As Lisa Hymas argued in her recent article, not all Americans consume the same volume of resources in the same way. Middle and upper class Americans who drive multiple vehicles, build vacation homes, and race to buy every new technological gizmo that comes on the market have a significantly higher carbon footprint than the working class and poor. At the same time, we have to think about the bigger actors that dwarf all of us in their climate-changing behaviors. Mega oil corporations, for example, earn billions of dollars in profits when they extract, burn, refine, and sell fossil fuel products. And, how could we ever forget the role of the military in this conversation. Its atmosphere-polluting activities are often hidden in the debates over climate change and population growth—a shocking fact, considering that the U.S. military is the single largest consumer of oil in the world.
Despite the fact that they consumer fewer environmental resources, women, communities of color, and the poor suffer more of the impacts of climate change. Climate-related natural disasters, which are on the rise, disproportionately impact women around the world, who are much more likely to drown or die in accidents. Those who survive are more likely to experience domestic violence, sexual abuse, and poor reproductive health outcomes.

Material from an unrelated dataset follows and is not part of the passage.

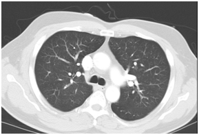 In view of the elevated Troponin I, the patient was initially treated as for Non-ST elevated myocardial infarction (NSTEMI). He was immediately started upon dual anti-platelet therapy together with low molecular weight heparin and subsequently underwent an emergent coronary angiogram which showed minor coronary artery disease. Computed Tomography of Pulmonary Arteries was also performed which showed no evidence of pulmonary embolism (Figure 2). The anti-platelet and low molecular weight heparin was then stopped. However, his gastro-intestinal symptoms worsened and he started to spike a temperature once more in the ward. He complained of persistent abdominal pain despite bowel clearance with laxatives. Computed Tomography of Abdomen and Pelvis was performed. The result showed long segment rectal wall thickening seen with peri-rectal fat stranding which was initially thought to be related to aggressive laxative consumption , but malignancy and infection should be ruled out with suggestion of endoscopy; extensive omental fat stranding, most prominent in the upper abdomen abutting the anterior wall of the transverse colon where there was thickening of the anterior transverse colonic wall to rule out possibility of underlying malignancy; peritoneal fat stranding and nodularity seen with minimal ascites; small volume but rounded inferior mensenteric and para-aortic lymph nodes seen.
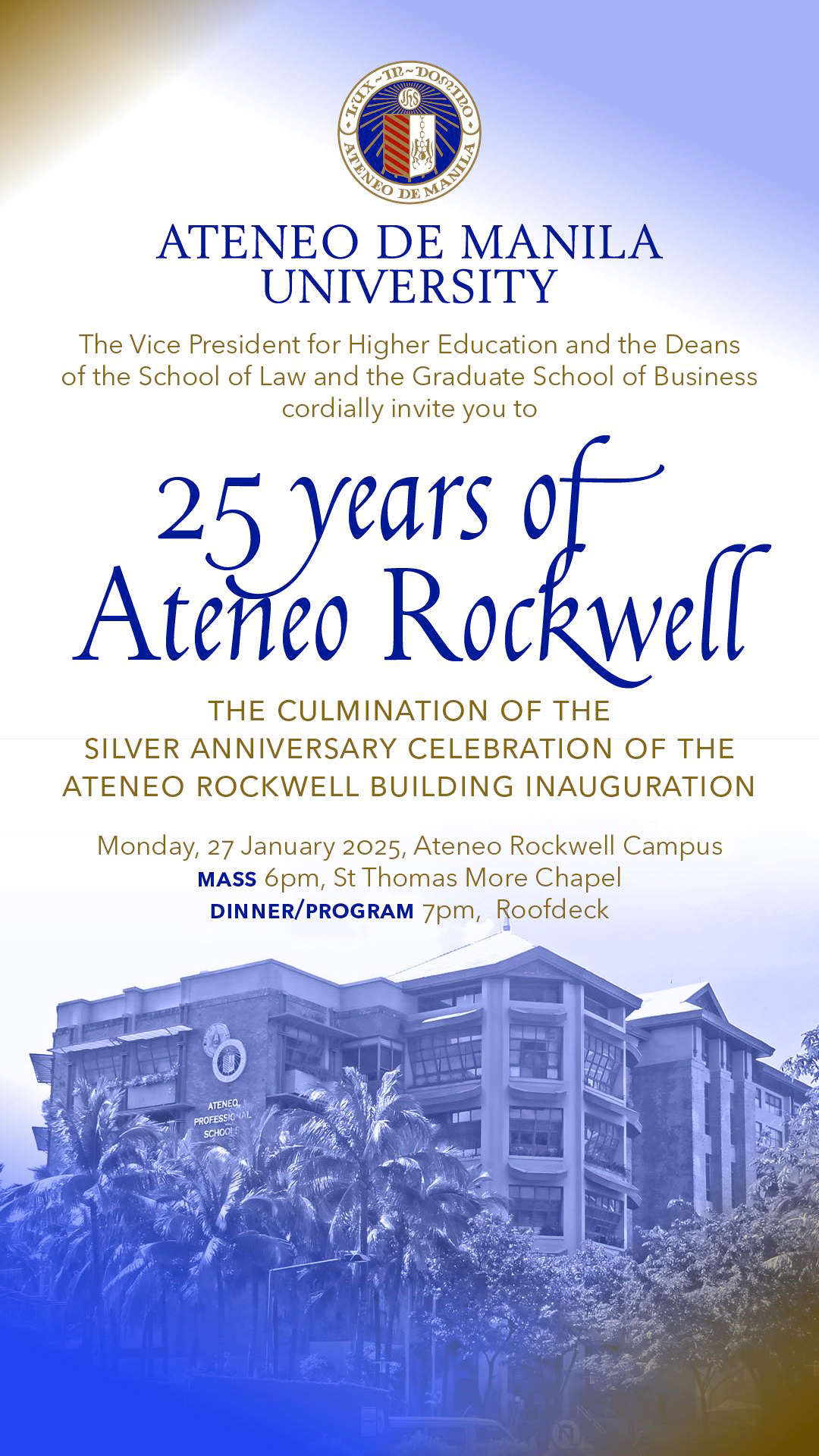 Join us as we begin the Jubilee Year of Hope and celebrate 25 years of fostering excellence and community in our Ateneo Rockwell Campus, inaugurated in 1999.

Climate change does, however, offers us opportunities to address women’s human and reproductive rights, but the connections must be made in the right way. Ensuring universal access to comprehensive reproductive health services, including emergency obstetric care, both hormonal and barrier methods of contraception, diagnosis and treatment of sexually transmitted infections, HIV testing, counseling and treatment, and referrals for services for gender-based violence, promotes basic human rights--all women have the right to control their reproductive and sexual lives--and are important components of a gender-sensitive approach to adapting to the effects of climate change. Supporting coercive population interventions among the poor as a means of mitigating or preventing climate change, on the other hand, is not a defensible approach.
We must be ever vigilant, keeping the principles of reproductive health, reproductive rights, and reproductive justice for women at the heart of the approach. Through this framework, and the protection of women’s rights to have children, not to have children, and to parent the children that they do have, we can remain on the right side of both the climate justice and reproductive justice debates.